From 71846d2717b655962d079743f9a5a2533c4582b1 Mon Sep 17 00:00:00 2001
From: wyang338 <weichuyang777@gmail.com>
Date: Sat, 22 Feb 2025 19:41:51 -0600
Subject: [PATCH] Jupyter_way outline done

---
 p4/Outline.md | 64 +++++++++++++++++++++++++++++++++++++++++++++++++++
 1 file changed, 64 insertions(+)
 create mode 100644 p4/Outline.md

diff --git a/p4/Outline.md b/p4/Outline.md
new file mode 100644
index 0000000..ee5ad84
--- /dev/null
+++ b/p4/Outline.md
@@ -0,0 +1,64 @@
+# Part1: Setup and SQL Query
+
+Offer them `docker-compose.yml` , `Dockerfile.sql` , `Dockerfile.hdfs` and `Dockerfile.notebook`, while they are required to complete `Dockerfile.namenode`, `Dockerfile.datanode` .
+
+In `Dockerfile.sql`, we download data, deploy SQL server, get it ready to be queried
+
+Then the whole system can be established by running `docker compose up` .
+
+**Q1: Connect to SQL server and query** 
+
+In jupyter, use `mysqlconnector` to connect to SQL server, then do specific queries, then print the result.
+
+**Q2: Persist a table from SQL**
+
+Read a table from SQL server and save it separately  `input.parquet`. 
+
+# Part2 Data Upload and HDFS status
+
+**Q3: Check the number of living datanodes**
+
+run `hdfs dfsadmin -fs -report` command to get the status of HDFS.
+
+<br>
+Then upload and `input.parquet` to HDFS with 2x replication.
+
+**Q4: what are the logical and physical sizes of the parquet files?**
+
+Run `hdfs dfs -du -h hdfs://boss:9000/`
+
+# Part3 PyArrow
+
+**Q5: What is the average of `XXX` (something like this)**
+
+Use PyArrow to read from HDFS and do some calculation.  
+<br>
+
+
+Ask them to do some more complex calculations and store results as a `output.parquet` back to HDFS with 1 replication. 
+
+**Q6: blocks distribution across the two DataNode for** `output.parquet` (2x)
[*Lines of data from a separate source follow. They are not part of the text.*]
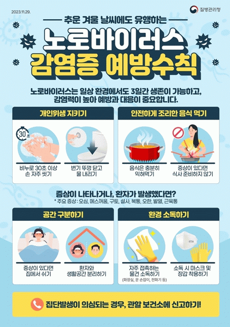 강용곤 보건소장은 “노로바이러스는 예방 백신이 없어 개인위생 관리가 무엇보다 중요하다”며 “특히 영유아 가정과 학교, 어린이집 등 집단시설에서는 손 씻기와 환경 소독 등 위생 관리에 각별히 유의해 주시길 바란다”고 말했다.
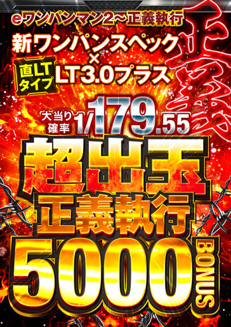 さらに、大当たり確率約1/179.55という遊びやすいライトミドルスペックながら「正義執行5000BONUS」が約50%の割合で発生し、最大5,000個の出玉を獲得できる一撃性を実現。この高インパクトな設計は、ユーザーの期待感を大きく刺激します。
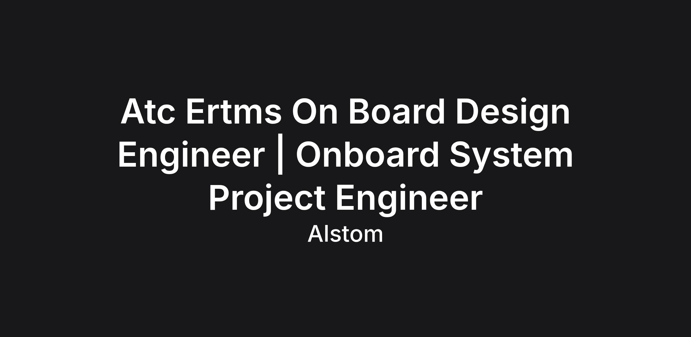 Atc Ertms On Board Design Engineer | Onboard System Project Engineer
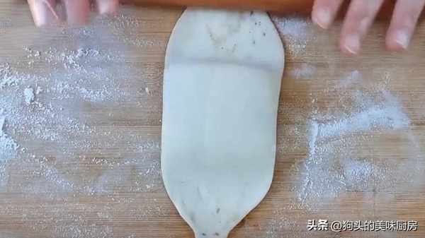 12.全部按照這個步驟做好,然後取第一個做好的面劑子。用搟面杖搟成牛舌狀即可。厚度0.2-0.3厘米左右。
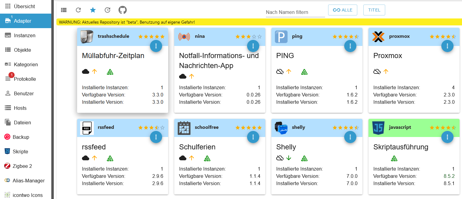 Admin Adapter Übersicht, kein "Update-Symbol"
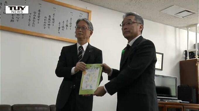 山形市の出版社が山形県内企業の魅力を紹介するキャリアハンドブックを作り、県内すべての中学2年生に配布されました。けさ県庁では、青陵社の佐竹純一社長から須貝英彦教育長へハンドブックが手渡されました。『…
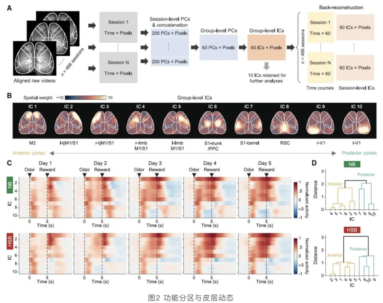原始钙成像数据显示,两组动物的背侧皮层在奖赏刺激和学习过程中均表现出广泛的钙活动,但在多个皮层区域表现出显著差异。由于宽场成像信号具有空间扩散性,单像素信号可能受到相邻区域的干扰;此外,传统的解剖分区难以准确对应功能,不同动物之间的皮层功能定位差异也限制了个体间的比较分析。为精确解析皮层功能的空间特征并进行组间比较,研究团队构建了一个基于群体独立成分分析的功能分区模型,识别出10个在所有动物中共享的空间独立成分,从而实现背侧皮层区域的统一划分,涵盖初级和次级运动皮层、体感皮层、压后皮层和视觉皮层等区域。基于这些一致的功能分区,可以提取个体在对应功能脑区的钙信号时间序列,用于比较学习相关活动、前后皮层功能连接等变化。因此,该方法不仅提升了信号分离的准确性,也确保了数据在个体之间的可比性。
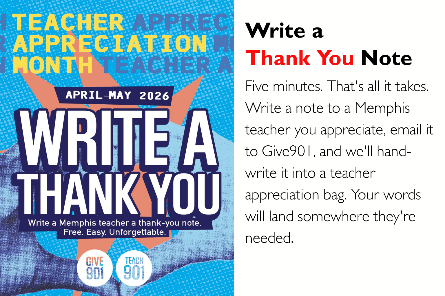 Behind every successful student, there's a teacher who refused to give up on them. This month, Give901 and Teach901 are asking our community to match that energy, and there's a way for everyone to play a part.
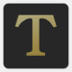 Gold capital letter T in faux gold bronze font. Metallic look achieved using highlights and shadows in yellow, brown and grey tones. Set on solid black and can be customised with the background colour of your choice.
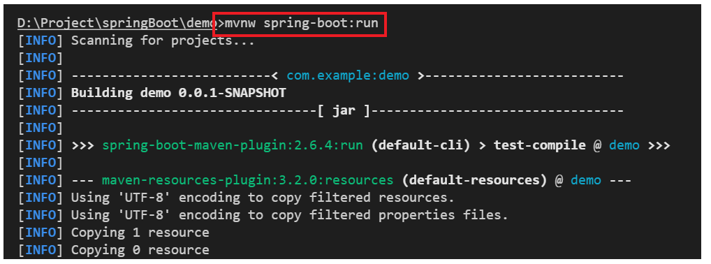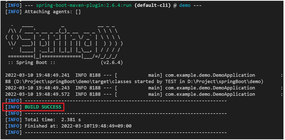 - 윈도우 : mvnw spring-boot:run
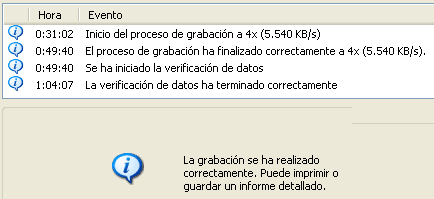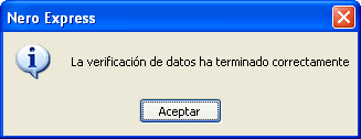 En la parte superior podemos ver todas las fases de la grabación, con el tiempo en que se producen. En la parte inferior izquierda vemos la velocidad de grabación en cada momento, indicada en KB/seg, y en unidades “x” (múltiplos de la velocidad básica). En la parte inferior derecha vemos una estimación del tiempo que falta para terminar la grabación, el tiempo ya transcurrido, y el porcentaje de grabación ya realizada. En cualquier momento, podemos terminar la grabación con el botón “detener”, pero el disco podría quedar inservible. Si la grabación falla en algún momento, Nero emitirá un sonido estilo “abucheo”, se interrumpirá el proceso, y saldrá un mensaje indicando el fallo. Probablemente, el disco quede inservible (salvo que sea del tipo RW). Si hemos activado la verificación, al terminar la grabación, automáticamente se expulsará el disco y se volverá a introducir para realizar la comprobación (no debemos sacar el disco hasta que finalice la comprobación). Cuando termine la verificación (o la grabación, si no habíamos activado la verificación), sonará una melodía de trompeta, y aparecerá un mensaje indicando el resultado positivo: Pulsando el botón “Aceptar”, podremos comprobar la duración de cada fase: Ten en cuenta que un disco 16x se grabará 4 veces más rápido que un 4x (si el grabador y la potencia del equipo lo permiten), pero algunos procesos, como la inicialización y el cierre de la sesión, duran lo mismo, independientemente de la velocidad del disco, por lo que el tiempo total de grabación no es proporcional a la velocidad. Por otro lado, si tu grabadora admite hasta 8x, aunque uses un disco 16x, la velocidad estará limitada a 8x. Al terminar, podemos elegir entre:

+Use the WebHDFS `OPEN` operation with `offset` 0 and `noredirect=true`  to get it.
+
+output is like:`{'755329887c2a': 9, 'c181cd6fd6fe': 7}`
+
+**Q7: blocks distribution across the two DataNode for** `output.parquet` (1x)
+
+Use the WebHDFS `GETFILEBLOCKLOCATIONS` and iterate every block for counting.
+
+# Part 4: Disaster Strikes
+
+Kill one datanode manually.
+
+**Q8: how many live DataNodes are in the cluster?**
+Run `hdfs dfsadmin -fs -report` again, but expecting `Live datanodes (1)`
+
+
+<br>
+Ask students to access `result.parquet` , which expected to fail.
+
+**Q9:  how many blocks of single.parquet were lost?**
+
+Use `OPEN` or `GETFILEBLOCKLOCATIONS` to get that.
+
+**Q10:  return specific line of output by recalculate with replicated** `input.parquet`
\ No newline at end of file
-- 
GitLab